Twenty minutes later, as he left the store, his mood had darkened to match the weather. He drove to the Center—exceeding the speed limit—and, without stopping to hang his coat under the stairs or wait for the elevator, ascended directly and painfully to Delia’s office. For the first time in months the door was wide open. Delia, in a long pale-gray suede vest and embroidered gray silk skirt, stood gazing out the tall window into the pale-gray sky.

In an uneven, angry voice, he spoke her name.

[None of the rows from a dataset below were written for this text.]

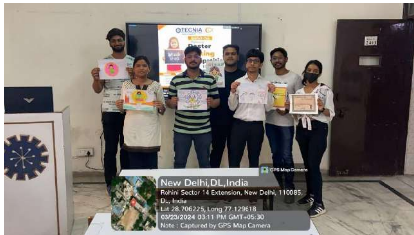
Participants of Poster Making Competition with their posters.
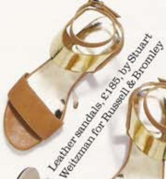
Leather sandals, £185, by Stuart Weitzman for Russell & Bromley
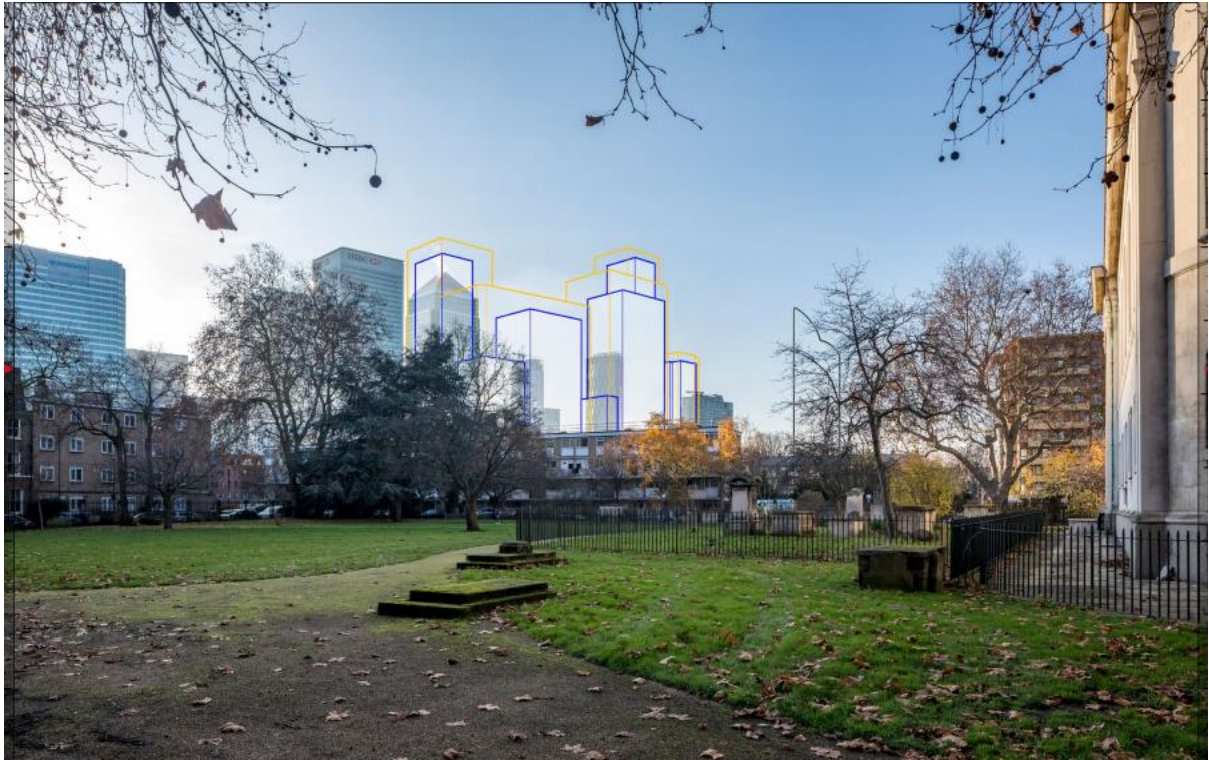
View from All Saints Churchyard. Yellow – maximum parameter. Blue – indicative.

“Oh, hello,” she murmured, turning.

Alan did not bother with a greeting. “I just saw Lily Unger in the drugstore. She says you’re leaving town forever this weekend.”

“Mm. Yes,” Delia admitted.

“You never told me.” His tone was harsh, accusing.

“I couldn’t.” She looked at him, smiling softly and regretfully. ‘I promised.”

“Promised whom?” Alan raised his voice.

She did not answer, only continued to smile.

“Promised what?” Now he was almost shouting.

“Not to make waves.” Delia made the gesture of waves with one hand. “Just to slip away, without causing anyone any trouble. I wanted so much to call you, but I was afraid.” She took a swaying step toward him.

“Afraid of what?”

“Everything. Everyone.” She came closer. How frail she looks today, almost ill, he thought suddenly. How wide and silver-pale her eyes are, how thick and dark her lashes. “Lily said, if I told anyone, they’d argue and threaten and try to stop me.”

“I wouldn’t—” Alan began, and fell silent, aware that this was what he had been about to do, in any way possible—that he would try even now.

“You don’t really have to leave,” he said, trying to speak calmly, convincingly.

“But I do.” She had reached his side, and gazed up at him, her rosy mouth half open as if for a passionate kiss. “You know how awful it’s been here for me, ever since my reading. I knew what was coming. I asked Henry to explain that there would probably be two or three hundred people. But they wouldn’t listen. Sometimes I think it was deliberate.”

“Yeah,” Alan agreed, realizing that “they” in this context meant Jane.